WASHINGTON, Aug. 3 - In an election that could well turn on questions of war and peace, danger and safety, all politics sometimes seem to be security these days. And all security has an unmistakable overtone of politics, whatever the reality or immediacy of any announced threat.
"We don't do politics in the Department of Homeland Security," Secretary Tom Ridge said on Tuesday in dismissing any suggestion that his latest threat warning had a political motive. But on Sunday, Mr. Ridge, a former Republican congressman and governor of Pennsylvania, did do some politics all the same, when he declared that the intelligence behind his alert was "the result of the president's leadership in the war against terror."
(snip)
And even those remarks, (
Howard Dean's) barbed as they are, are no sharper than the comments some Republicans leveled at President Bill Clinton six years ago, when he ordered cruise missile strikes against Qaeda outposts in retaliation for the bombing of American embassies in East Africa days after confessing to his affair with Monica Lewinsky.
Daniel R. Coats, then a Republican senator from Indiana and now Mr. Bush's ambassador to Germany, summed up his feeling at the time.

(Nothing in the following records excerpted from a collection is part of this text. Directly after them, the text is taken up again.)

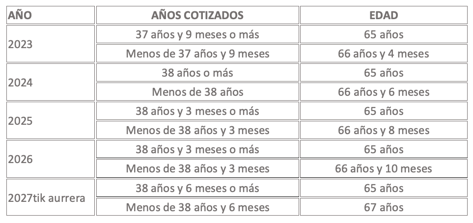 Como acabamos de mencionar, en 2011 se atrasó la edad de jubilación y se alargaron los años que había que tener cotizados. Esto se sigue aplicando progresivamente desde entonces y hasta 2027, como podéis ver en la tabla que hay más adelante.
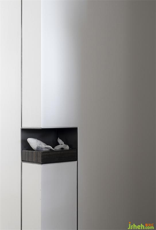 玄關(guān)端景選用Poltrona Frau玄關(guān)柜搭配Joel Amit彩色魚群藝術(shù)畫,使回家的第一視覺感便是五彩斑斕的,活躍的色彩令人心情愉悅,涌動(dòng)著年年有余、吉祥如意的美好寓意。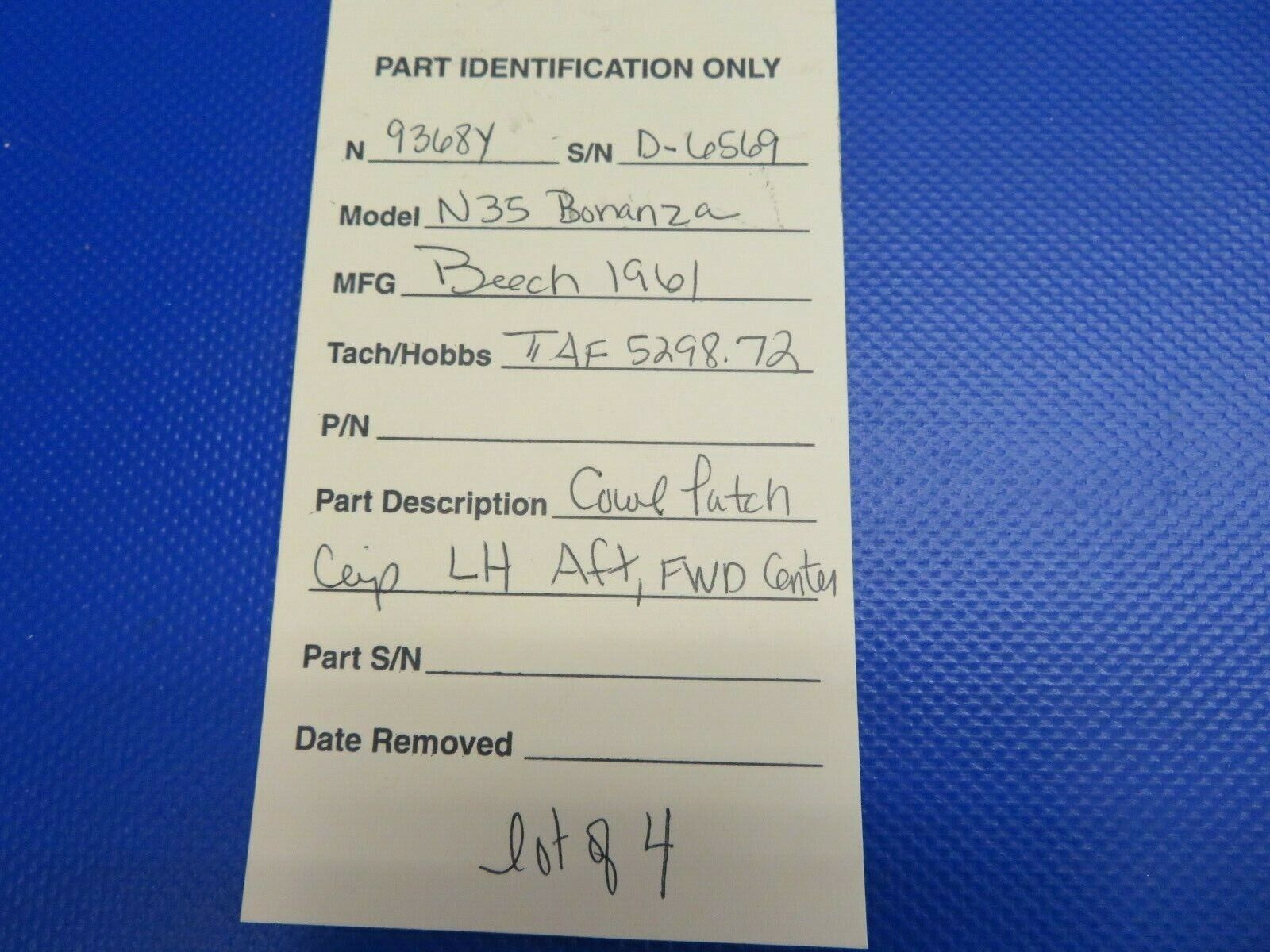 Beech N35 Bonanza Cowl Latch Clip LH AFT, FWD Center. LOT OF 4 Removed in good condition from a parted out 1961 Beech N35 Bonanza, N9368Y, S/N D-6569. TTAF 5298.72. Guaranteed to pass inspection or your money back.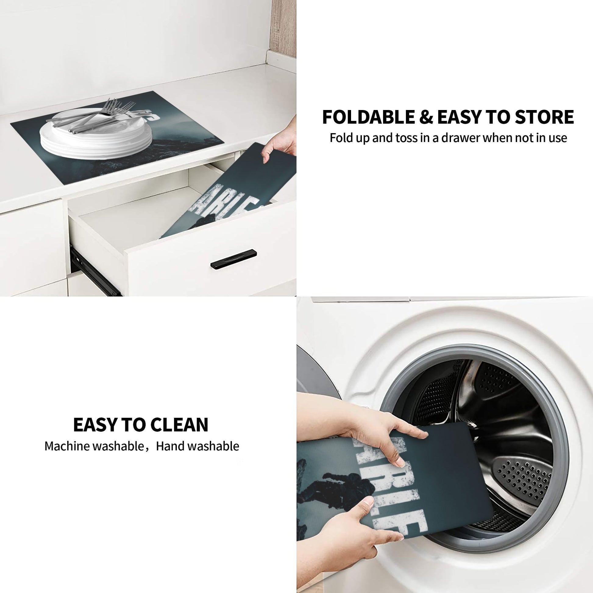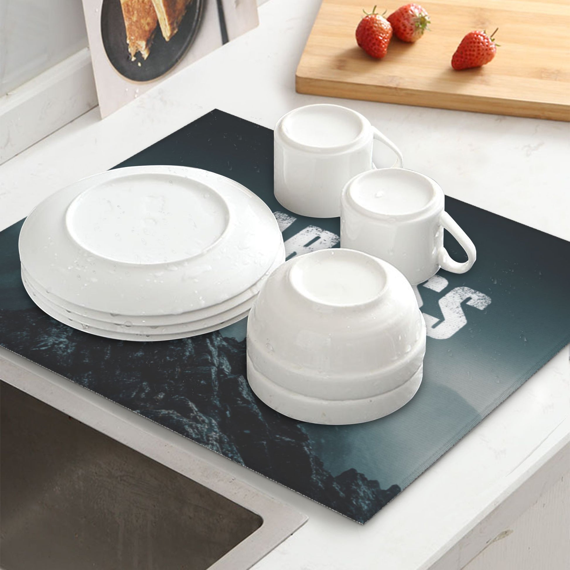 Fearless Climber Kitchen Drying Mat – 18x16in Non-Slip Absorbent Dish Mat with Bold Mountain Hiker Graphic

"The danger here," Mr. Coats said then of Mr. Clinton, "is that once a president loses credibility with the Congress, as this president has through months of lies and deceit and manipulations and deceptions, stonewalling, it raises into doubt everything he does and everything he says, and maybe everything he doesn't do and doesn't say." He added: "I just hope and pray the decision that was made was made on the basis of sound judgment, and made for the right reasons, and not made because it was necessary to save the president's job."